Exercise aim:
For the entries below, copy exactly the line that contains "Although the threshold" through the line that contains "This is what", both ends included, and exclude all pictures.

Data extracts:
-------
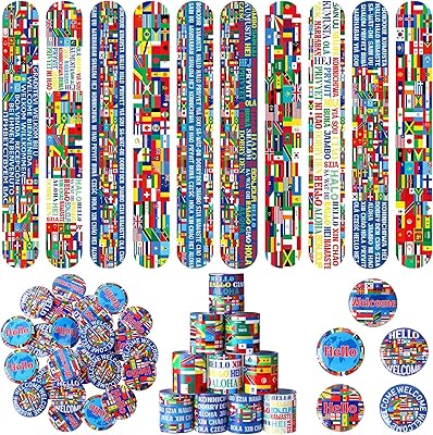 Outus 60 Pcs International Flags of The World Party Favors: 30 Around The World Slap Bracelets, 30 Button Pins, Country Flags International Party Favor Globe History Classroom Decorations Supplies
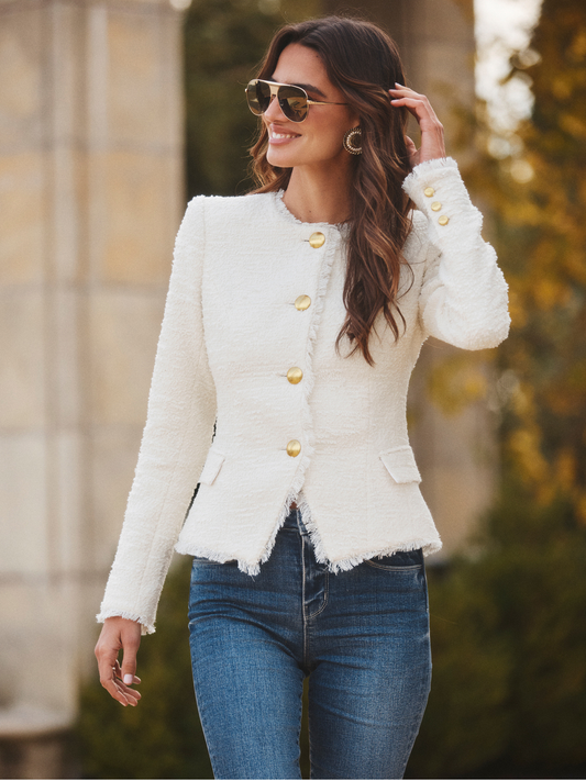 L'AGENCE Nerina Collarless Structured Blazer in Ivory
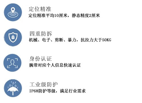 電子身份防拆腕帶是針對監(jiān)管業(yè)務(wù)設(shè)計的精準(zhǔn)定位監(jiān)管 設(shè)備,能將佩戴人員的位置信息實時上傳。 電子身份防拆腕帶擁有IP68工業(yè)級防護(hù)等級,能在多 種環(huán)境下保證10至12個月的長期續(xù)航。 內(nèi)置NFC,可與現(xiàn)有門禁、消費、醫(yī)療系統(tǒng)等多種系統(tǒng) 無縫融合,擁有強大的擴(kuò)展應(yīng)用能力。
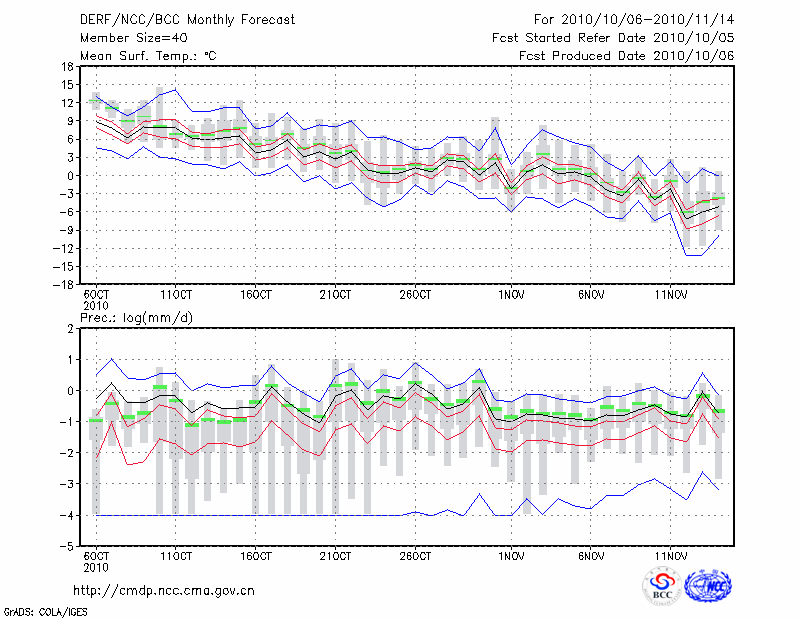 牡 丹 江 (LAT:44.57 LON:129.60) 2010-10-06        预测
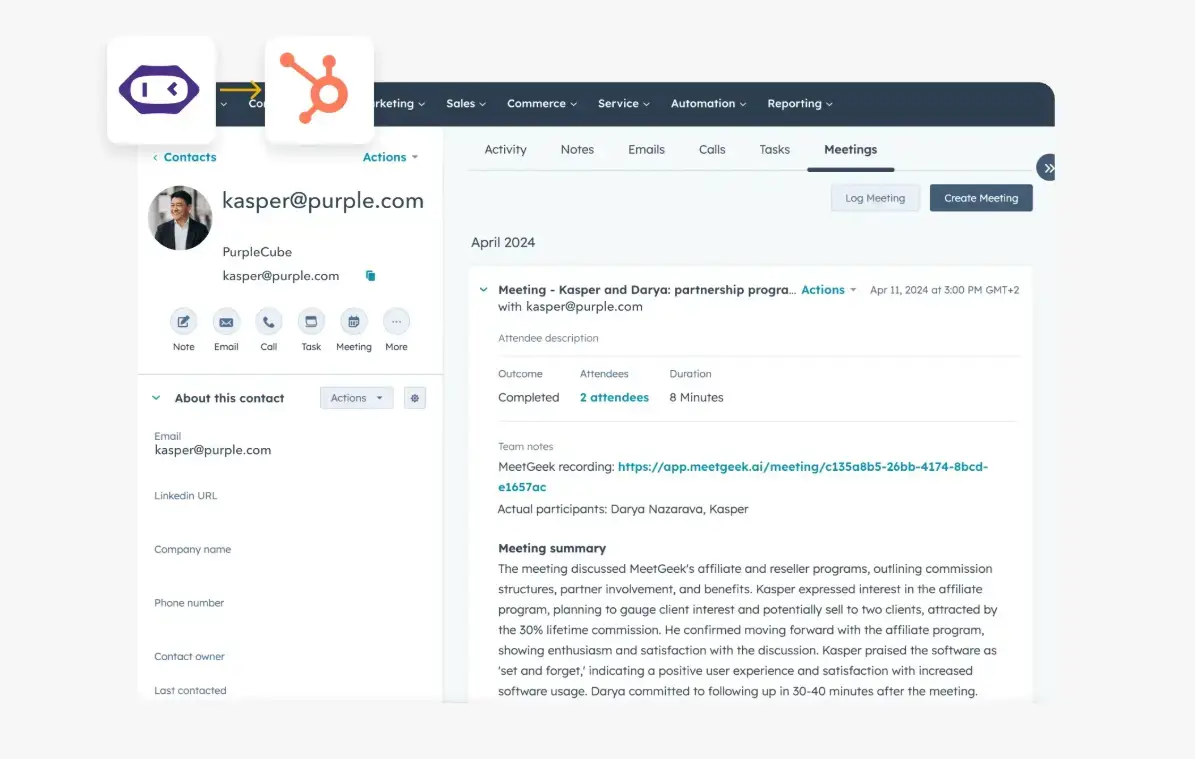 For example, connecting HubSpot with MeetGeek helps your sales team move faster, automate data entry, seamlessly collaborate on deals, improve customer relationships, and ultimately win more deals.
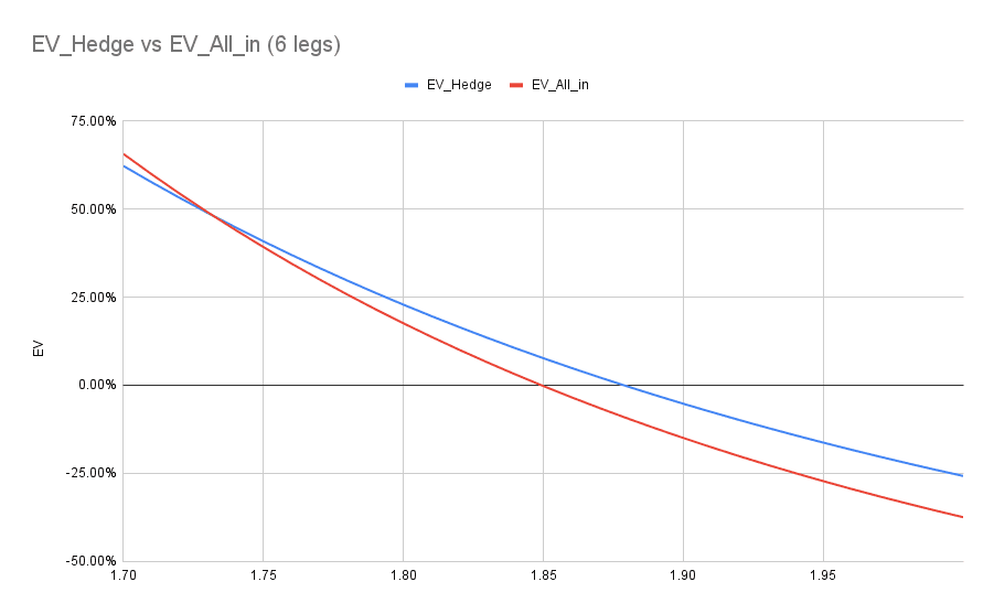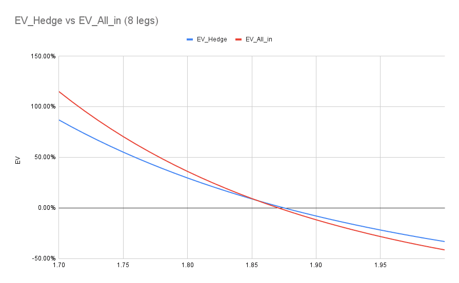 Although the threshold odds for the 8-leg Pick’Em is larger when hedged compared to All-in, you can see from the graph that the EV is almost always higher playing All-in. In fact, mathematically you would only play an 8-leg hedged when the average fair odds of ach leg in the Pick’Em is between 1.875 and 1.854. And even still, if you are playing this Pick’Em you would only be getting a few percent of EV, so it’s not worth it.
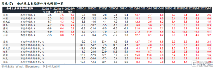 我们预计全球实际GDP增长2021年达到6.8%,而2022年仍保持在5%的较快同比扩张速度——我们对两年增速的预测值均高于彭博一致预期(2021年6%、2022年4.4%)。由于去年2季度基数较低,我们预计全球同比增长高点出现在2021年2季度,达到12.7%,而2021Q4回落至6%左右。鉴于2020-2021年全球大额的财政刺激及积累的超额储备仍有待释放(具体见第18页财政政策讨论及第33页投资和消费结构展望)、总体金融条件仍偏宽松(具体见第26页货币政策讨论),且全球重启进程“参差不齐”,我们预计2022年全球增长仍有后劲。预计全球2022年保持在5%的高于“趋势水平”的增长率,其中欧元区、日本、以及中国以外的新兴市场国家可能“后劲”更足。
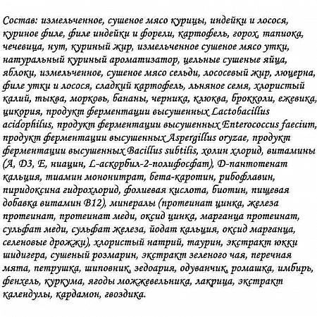 אחת ההוליסטיות הזולות ביותר ללא דגנים. המחיר מתחיל מ 496 רובל לקילוגרם. יחד עם זאת, אם תרצו, תוכלו להצטייד באוכל לאורך זמן בבחירת חבילה של 12 ק"ג.
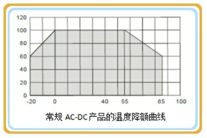 一般模塊電源廠家因為掌握了內部結構、元件特性及工藝參數等數據,再加上工程師進行測試過,得出了降額曲線比較明確的結果,從而寫在產品技術說明書上。降額曲線可以顯示在不同環境溫度下可拉功率與電流的大小,同時保持功率在其溫度范圍內,用戶根據這些數值來參考和設計即可。
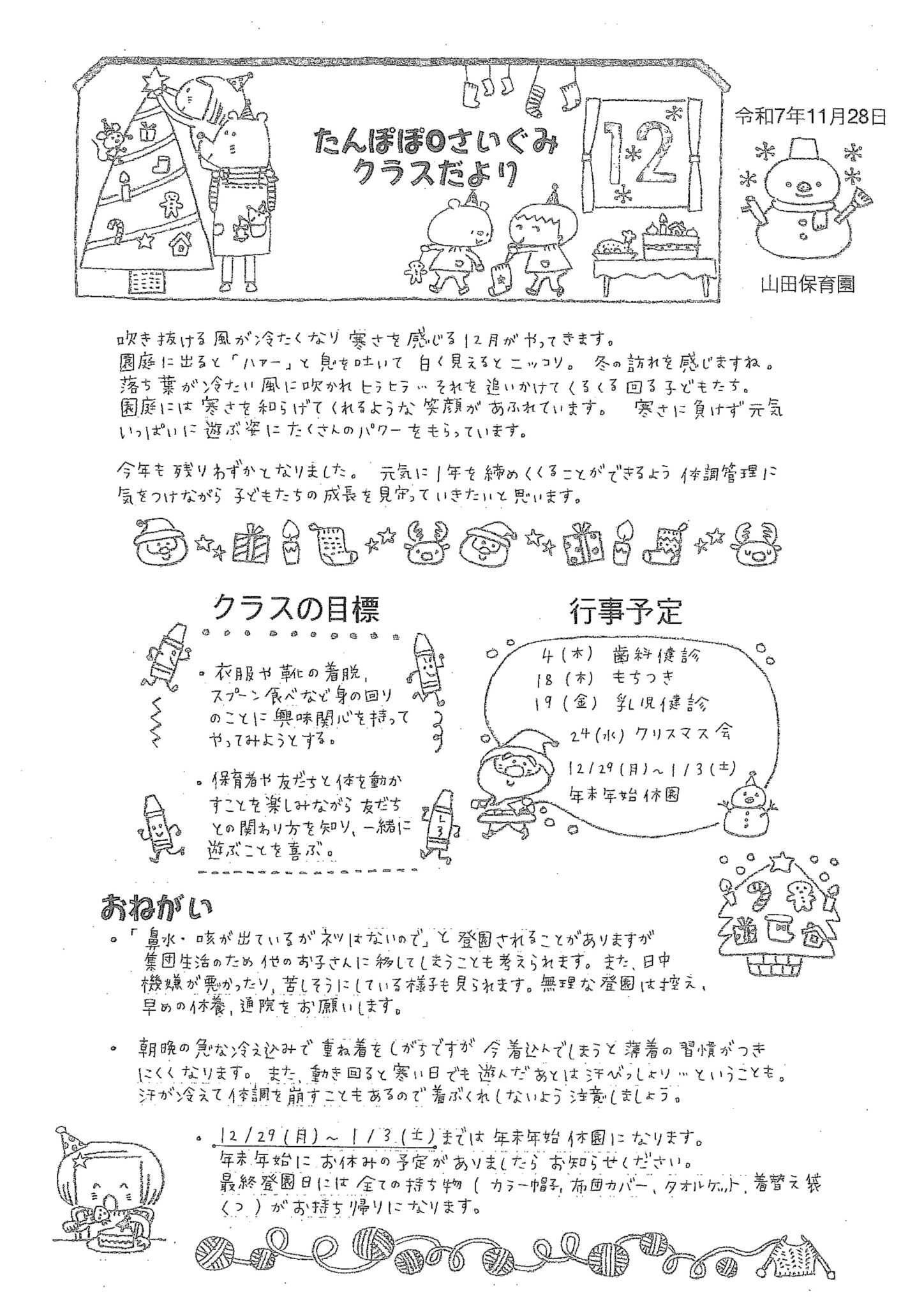 12月 たんぽぽ0歳ぐみだより
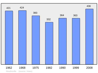 Według danych na rok 1990 gminę zamieszkiwały 364 osoby, a gęstość zaludnienia wynosiła 35 osób/km² (wśród 2335 gmin Lotaryngii Houdreville plasuje się na 693. miejscu pod względem liczby ludności, natomiast pod względem powierzchni na miejscu 578.).
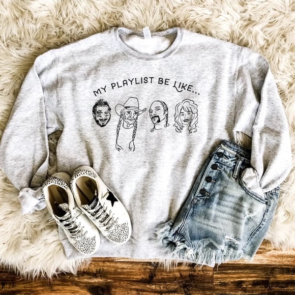 This is what my playlist looks like for sure! Gray crewneck, super comfy.
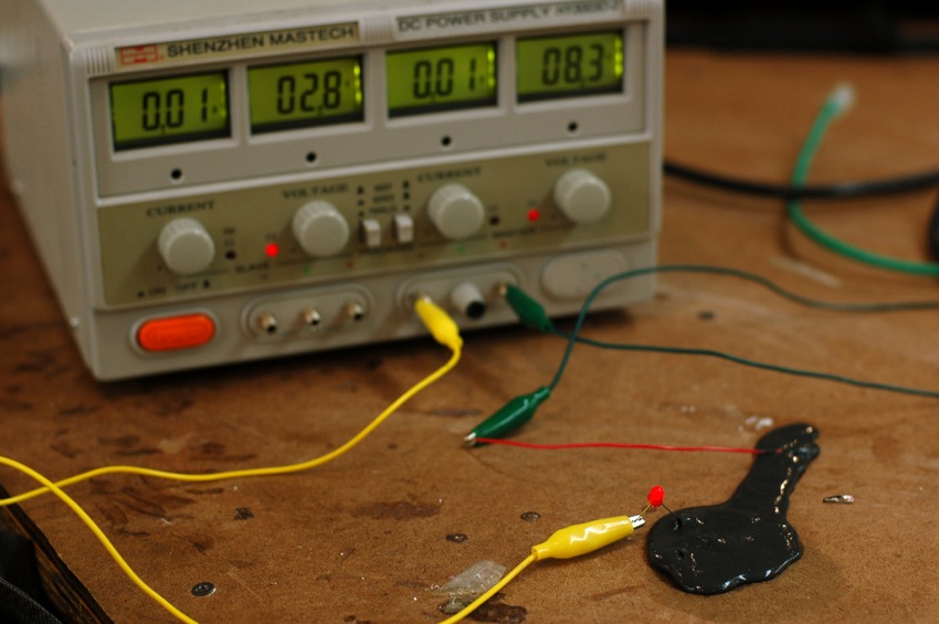 A mixture of graphite and home made Gak, conGoop is a playful conductive material that makes for a slimy, stringy and rubbery human computer interaction.
-------
Answer below:
 Although the threshold odds for the 8-leg Pick’Em is larger when hedged compared to All-in, you can see from the graph that the EV is almost always higher playing All-in. In fact, mathematically you would only play an 8-leg hedged when the average fair odds of ach leg in the Pick’Em is between 1.875 and 1.854. And even still, if you are playing this Pick’Em you would only be getting a few percent of EV, so it’s not worth it.
 我们预计全球实际GDP增长2021年达到6.8%,而2022年仍保持在5%的较快同比扩张速度——我们对两年增速的预测值均高于彭博一致预期(2021年6%、2022年4.4%)。由于去年2季度基数较低,我们预计全球同比增长高点出现在2021年2季度,达到12.7%,而2021Q4回落至6%左右。鉴于2020-2021年全球大额的财政刺激及积累的超额储备仍有待释放(具体见第18页财政政策讨论及第33页投资和消费结构展望)、总体金融条件仍偏宽松(具体见第26页货币政策讨论),且全球重启进程“参差不齐”,我们预计2022年全球增长仍有后劲。预计全球2022年保持在5%的高于“趋势水平”的增长率,其中欧元区、日本、以及中国以外的新兴市场国家可能“后劲”更足。
 אחת ההוליסטיות הזולות ביותר ללא דגנים. המחיר מתחיל מ 496 רובל לקילוגרם. יחד עם זאת, אם תרצו, תוכלו להצטייד באוכל לאורך זמן בבחירת חבילה של 12 ק"ג.
 一般模塊電源廠家因為掌握了內部結構、元件特性及工藝參數等數據,再加上工程師進行測試過,得出了降額曲線比較明確的結果,從而寫在產品技術說明書上。降額曲線可以顯示在不同環境溫度下可拉功率與電流的大小,同時保持功率在其溫度范圍內,用戶根據這些數值來參考和設計即可。
 12月 たんぽぽ0歳ぐみだより
 Według danych na rok 1990 gminę zamieszkiwały 364 osoby, a gęstość zaludnienia wynosiła 35 osób/km² (wśród 2335 gmin Lotaryngii Houdreville plasuje się na 693. miejscu pod względem liczby ludności, natomiast pod względem powierzchni na miejscu 578.).
 This is what my playlist looks like for sure! Gray crewneck, super comfy.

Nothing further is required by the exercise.